Databricks automatically upgrades compatible Unity Catalog managed tables to Parquet v2. See Automatic upgrades.

To enable Parquet v2 manually, set the parquet.format.version table property to 2.12.0 using the appropriate prefix for your table type. Before manually enabling, review the limitations.
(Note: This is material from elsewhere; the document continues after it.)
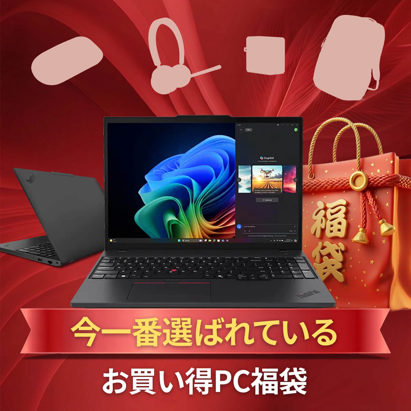 Lenovoが年末年始セールを開催中。1月15日まで。この時期特有の福袋商品が並ぶ。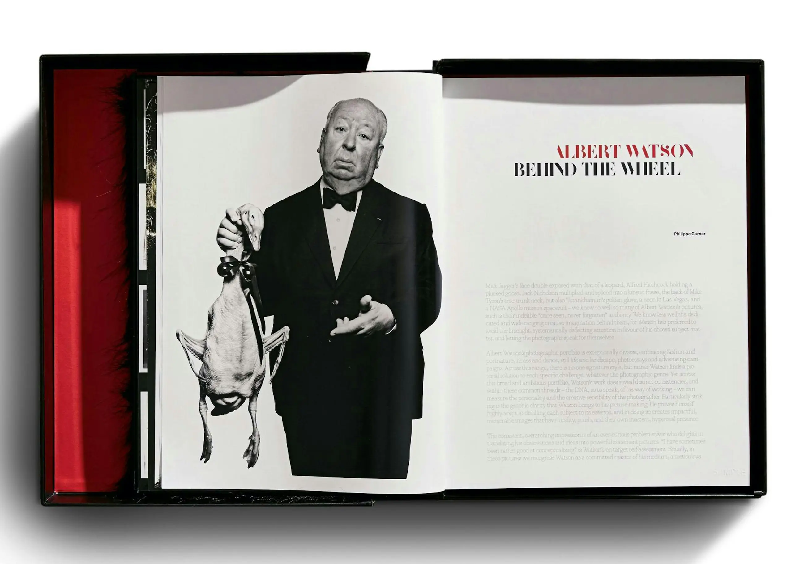 Albert Watson (geb. 1942) werd geboren in Schotland. Zijn opvallende foto's verschenen op meer dan honderd covers van Vogue en zijn te zien geweest in talloze andere publicaties, waaronder Rolling Stone en Time. Watson fotografeerde ook voor honderden succesvolle reclamecampagnes voor bedrijven zoals Prada, Revlon en Chanel. Ondertussen werkte hij veel aan persoonlijke projecten, van Marrakech tot Las Vegas. Zijn doorbraak kwam in 1973 met een foto die hij nog steeds als de belangrijkste uit zijn carrière beschouwt: Alfred Hitchcock met een geplukte gans.

To enable Parquet v2 on an existing table:

SQL
ALTER TABLE <table_name> SET TBLPROPERTIES ('delta.parquet.format.version' = '2.12.0');

To enable Parquet v2 on a new table:

SQL
CREATE TABLE <table_name> (...)
TBLPROPERTIES ('delta.parquet.format.version' = '2.12.0');

After you set the property, all subsequent writes use v2 encodings. Parquet v1 and v2 files can coexist in the same table. Existing data files aren't rewritten automatically. For Delta Lake tables, to rewrite existing files to v2, use REORG TABLE in Databricks Runtime 18.2 and above:

SQL
REORG TABLE <table_name> APPLY (SET PARQUET (FORMAT_VERSION = '2.12.0'));

See Table properties reference for the full table property reference.

Roll back to Parquet v1

In Databricks Runtime 18.2 and above, to roll back an individual table to v1 encoding, run REORG TABLE with the SET PARQUET option:

SQL
REORG TABLE <table_name> APPLY (SET PARQUET (FORMAT_VERSION = '1.0.0'));

This command rewrites all data files using v1 encodings and resets the delta.parquet.format.version table property to 1.0.0.

See REORG TABLE for full REORG TABLE syntax.

Limitations

Parquet v2 has the following limitations:

  • For external engines, some Apache Iceberg readers might not support Parquet v2 for Iceberg tables. You must verify that Iceberg readers are compatible before enabling Parquet v2 on Iceberg tables.
  • For OpenSharing, before enabling Parquet v2, verify that the reader clients for OpenSharing recipients support Parquet v2 encodings.
  • Materialized views and streaming tables aren't automatically upgraded to Parquet v2. You can manually enable Parquet v2 on these table types on Databricks Runtime 18.1 and above.